Let’s confront the fact that only one-third of 8th grade students are proficient in reading or math to begin with. Add to that the knock-on effects of school closings (and distance learning) and it becomes obvious that in later years, the impact on students, especially minorities, is likely to be catastrophic. 

So why is it that progressives have been especially adamant about closing down the schools and resorting to distance learning? Let’s think about (1) what the incentive structure of the public school system actually is versus (2) what it should be.

The fact is that the nation’s public primary and secondary schools are run for the benefit of their adult employees. Not surprisingly, all the incentives point in that direction. The incentives ought to be structured to benefit the students. But students are the last concern of the public schools. The evidence for this is straightforward. If the schools were concerned with providing students with a decent education, two-thirds of 8th graders would not be less than proficient in reading and math. And it would be possible to fire incompetent teachers. But it isn’t.
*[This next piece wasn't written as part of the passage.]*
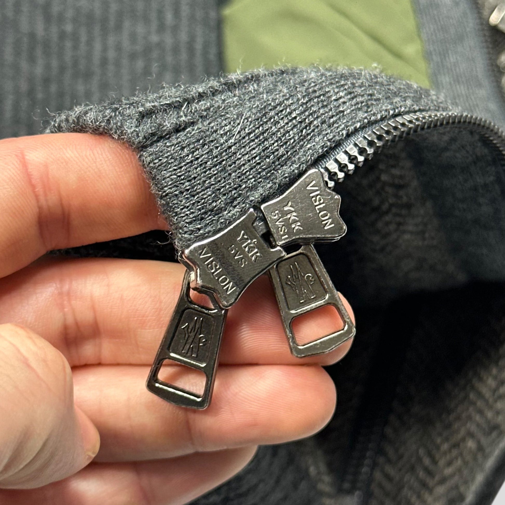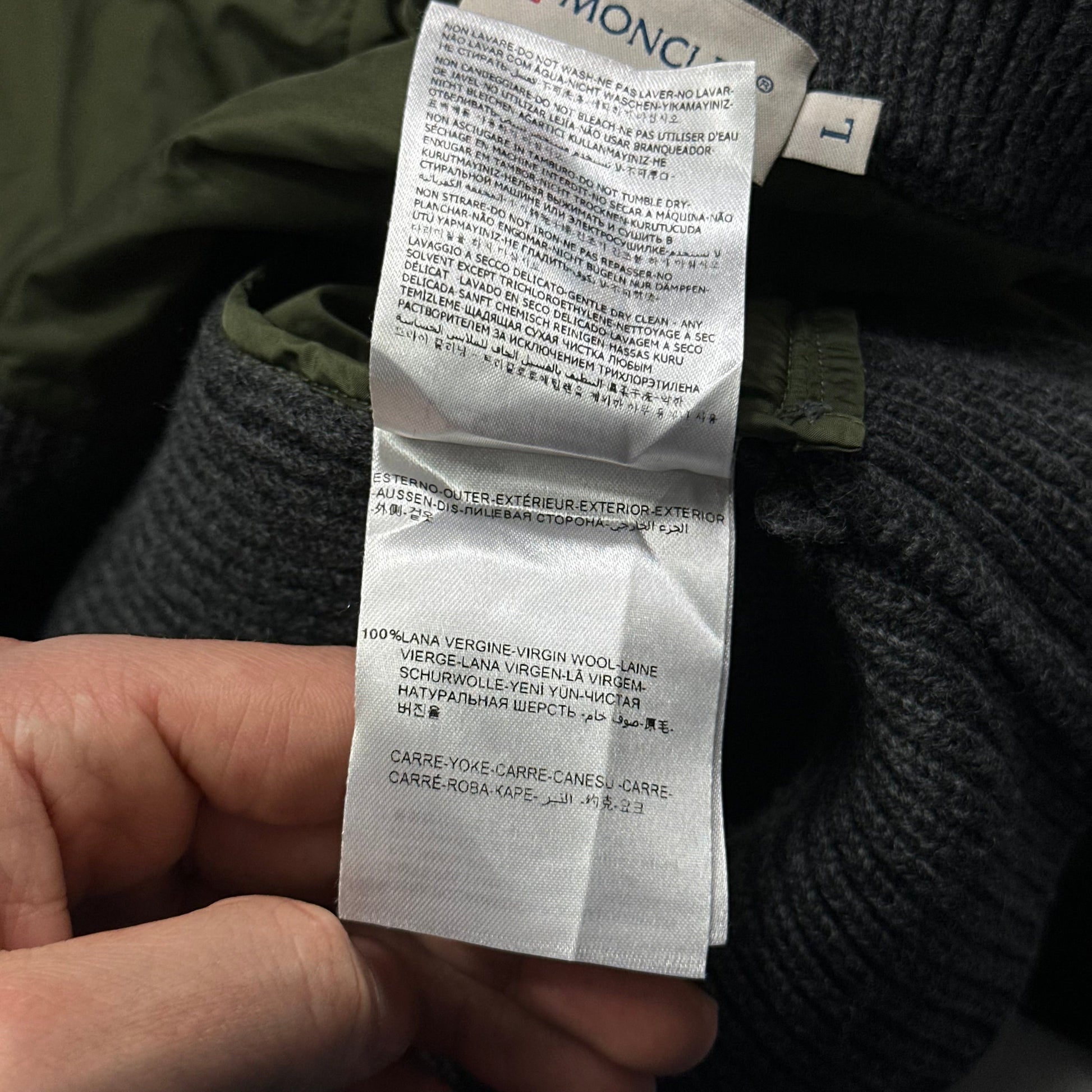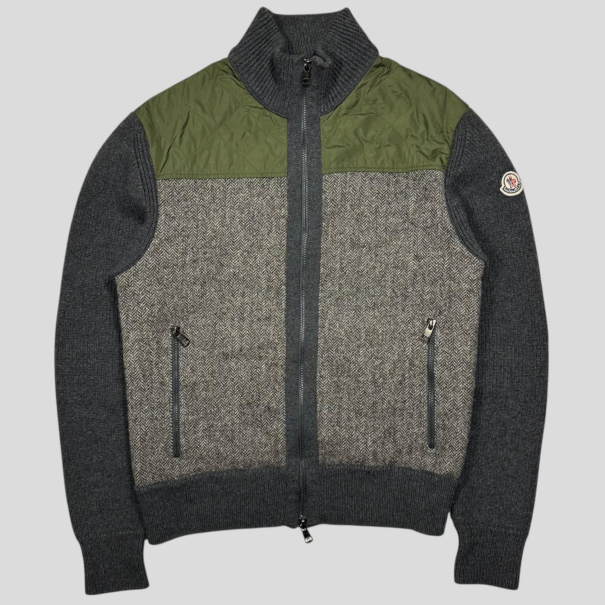Moncler Hybrid heavy virgin wool and padded quilted nylon, beautiful houndstooth panel with grey wool arms, Moncler rooster logo patch to arm, zip hand pockets and twin zip front, very warm cozy piece.

The root of the problem is that the school system is funded by third party payers. That payer is government, mostly local, and those governments are heavily influenced by (the mostly progressive) Teachers Unions. Their mission is to protect the interests of their members. The interests of the students are very far down the list of priorities. 

The public schools system is a monopoly, and like any monopoly it acts ruthlessly to defend its monopoly position. That helps to explain why the Unions have been so intent on closing the schools, with the pandemic being a convenient excuse. This despite virtually no evidence that the pandemic presents more than a vanishingly small risk to either students or teachers. 

Note that the Unions have attempted to get governors to decree that all schools in their respective states close, not just public schools. Since public schools and their teachers are being funded anyway, an order to close all schools would financially squeeze private schools that depend on tuition for survival. That is the point of the exercise—to put competitors out of business. Mercifully, after some initial successes, universal closure orders have been batted down. 

Some, but not all, Catholic and private schools have opened for in-person instruction. Those schools have had minimal levels of Covid infections. Charlie Baker, Governor of Massachusetts pointed out in late October that  open parochial schools in the state with 28,000 students and 4,000 employees have been operating safely in-person since mid August. They have had “only a handful of cases”

You would think that the education establishment would be shamed by all this, but you would be wrong. They continue to press on, spouting all kinds of cant about Social Justice, while crushing opportunity for kids, especially the most vulnerable. And now to make matters worse, among those up for consideration for Education Secretary is none other than Randi Weingarten, President of the American Federation of Teachers. 

The iron-fisted Weingarten, who has been a relentless advocate for the union monopoly she oversees, is a friend of the bureaucratic command-and-control model of governance that has served teachers so well and students so poorly. Then again, it is the model that President elect Biden has always been comfortable with. And like Biden, Weingarten has been caught plagiarizing material, so they also share that in common. 

Progressives routinely pat themselves on the back, claiming to represent the interest of minorities. One of the most important ways that the interests of minorities can be advanced is through educational opportunity—real, not faux educational opportunity. Don’t bet on it though, the command-and-control model looks to be firmly back in the saddle.